Some form of legal protection for medical marijuana physicians, patients and caregivers is a fundamental aspect of MMLs. A state can offer two types of legal protections to medical marijuana participants: legal privilege or affirmative defense. Legal privilege prevents the state from bringing criminal charges against an individual for a particular activity, whereas a valid affirmative defense allows the individual to prevail against the criminal charges at trial. In other words, an affirmative defense protects against conviction, while legal privilege protects against both trial and conviction. On the one hand, jurisdictions may vote to provide legal privilege and thus confer ‘stronger’ or ‘more’ legal protection to individuals, given law enforcement would not have the power to arrest an individual for marijuana-related charges permitted in the MMLs (legal privilege protection). On the other hand, voters and legislatures may be concerned with the potential for diversion or abuse/misuse, for example, and thus allow law enforcement to arrest individuals on suspicion of violating MMLs and require those individuals to provide their defense in the judicial system (affirmative defense protection).
States can offer these legal protections to patients, caregivers, and/or physicians. However, when states were establishing medical marijuana laws throughout the country, they did not always create coordinated protections for physicians, patients, dispensaries and caregivers. While model MM statutes endorse protections for patients, caregivers and physicians, the types of legal protections differ for each party and differs between the MPP and ASA. The MPP model statute provides an affirmative defense for all medical marijuana patients and caregivers, and legal privilege to those patients and caregivers who register with the state. Physicians can only rely upon legal privilege to avoid consequences for recommending medical marijuana; there is no affirmative defense available to physicians. In contrast, the ASA model statute only advises legal privilege to patients, caregivers, and physicians. If any of these parties’ conduct falls outside the protections offered by this privilege, the model statute does not allow for the alternate route of an affirmative defense.

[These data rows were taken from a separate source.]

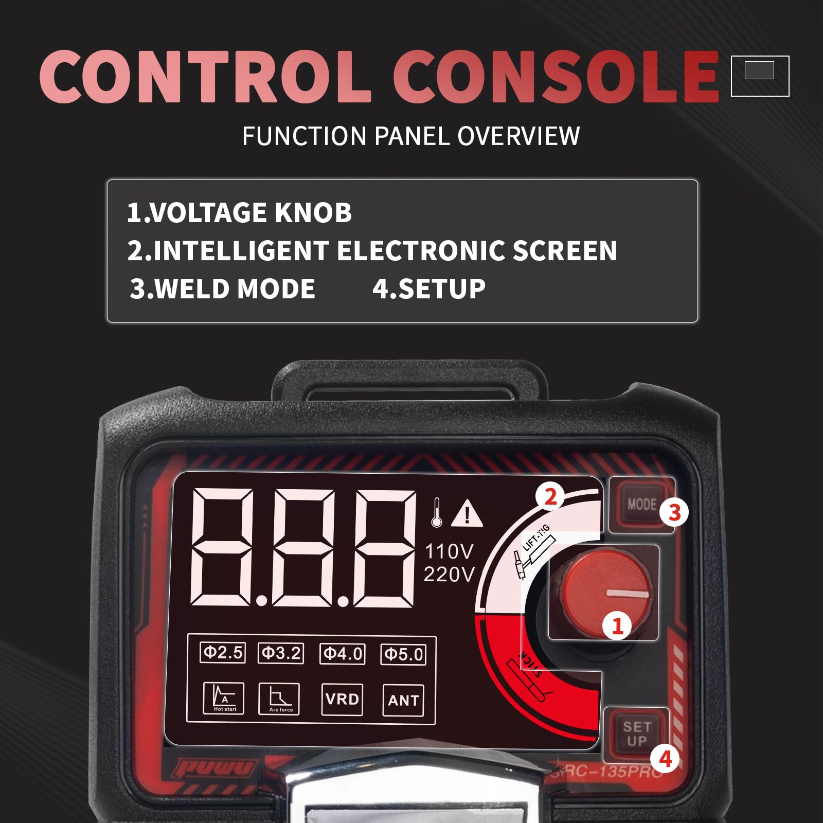 • 【Unmatched Performance】Experience superior welding performance with the MINI MMA ARC-135 PRO. Operates on a single 110V voltage, offering a precise digital current display ranging from 20A to 135A. Featuring a 60V no-load voltage and a reliable 20% duty cycle, this machine is designed with a robust half-bridge core structure for enhanced stability. The 2-meter power cord, made of 16AWG wire and equipped with an American-style 110V plug, ensures convenience and efficiency.
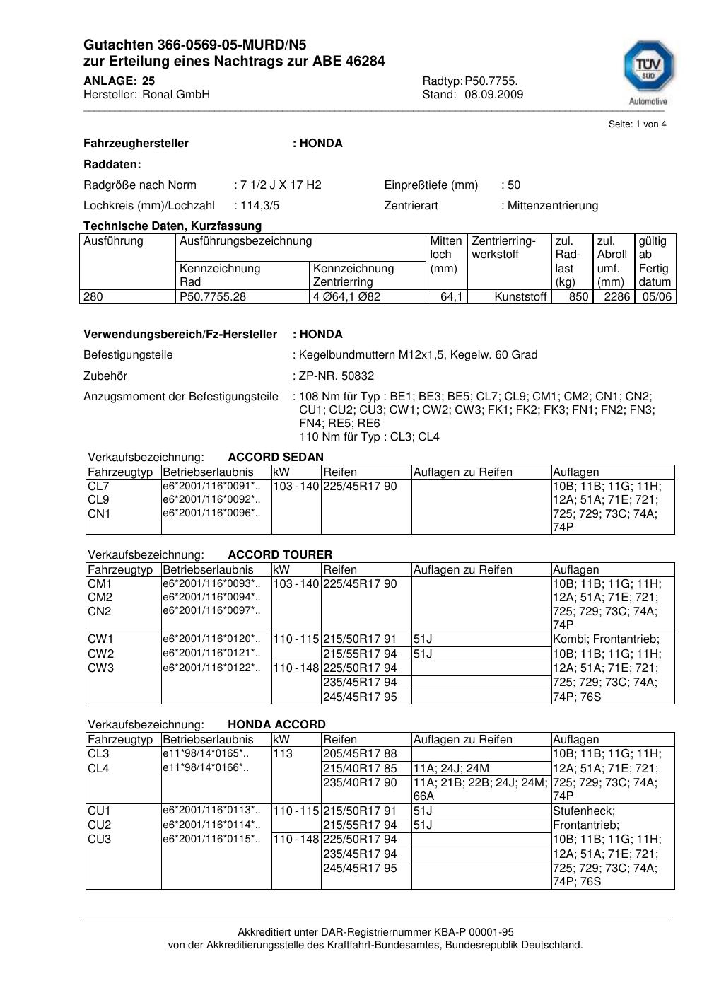 Dieses Gutachten (abe) bezieht sich auf die Alufelge Ronal P50.7755 in der Ausführung 2Jx17 ET 0, Mittenloch 0 mm (KBA 46284). Im PDF findest du typischerweise zulässige Reifengrößen, Auflagen/Anbauhinweise und – je nach Dokument – Hinweise zur Eintragung.
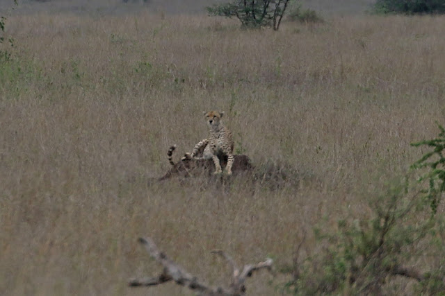 We continued, then Helen called to stop, she had seen something in the grass. Her actions were dead right. Sitting upright on a termite mound was a Cheetah. Then it lay down. It was distant, but definitely a Cheetah. One off the list already.

Currently, nearly all jurisdictions, except DC and New Mexico (NM), have provisions allowing patients to introduce an affirmative defense for medical use of marijuana. In these two jurisdictions, medical marijuana patients and caregivers enjoy a legal privilege that appear to protect them from arrest and prosecution. Additionally, DC provides an affirmative defense to alternative caregivers who assist a medical marijuana patient “only when the caregiver was not reasonably available to provide assistance.” (B18–622 § 9(c) (D.C. 2010) Therefore, nearly every jurisdiction differs from MPP and ASA in the provision of legal protections for patients and caregivers, except for NM which reflects ASA.
With respect to physicians, the statutory language of legal protections has perhaps changed more significantly over the years than for those towards patients and caregivers. The first state MM statutes tended to provide for either legal privilege or affirmative defense for the prescription of MM. However, as states moved away from a physician prescription model and towards permitting recommendations of MM, they shifted the legal protections available to physicians. In all but five states with effective MM statutes, physicians and other health care professionals currently have a legal privilege protecting them from both criminal arrest and disciplinary penalties for recommending medical marijuana. As such, these states follow both MPP and ASA model statutes. Four states, CO, NV, New Jersey (NJ), and Oregon (OR), provide protection against civil and disciplinary penalties, although no explicit protection against criminal prosecution. The state of MD does not provide legal protections for health care professionals who recommend medical marijuana.
States appear to differentiate between the legal protections for patients and caregivers and for recommending physicians. Physicians tend to have protections that prevent the state from bringing criminal charges against them (privilege), whereas patients and caregivers can still be charged yet states tend to provide a legal protection in which they can introduce evidence preventing conviction (affirmative defense). While this distinction may be an unintentional byproduct of the law’s passage, it may also represent an attempt by voters and legislators to balance the interests of individuals gaining potential health benefits of MM and yet discourage diversion and misuse behaviors of each party. Therefore, the differences between legal protections offered to medical marijuana recommenders and users may not be contradictory; instead, they may represent a policy judgment that the issues presented by medical marijuana use are more nuanced than those presented by medical marijuana recommendations.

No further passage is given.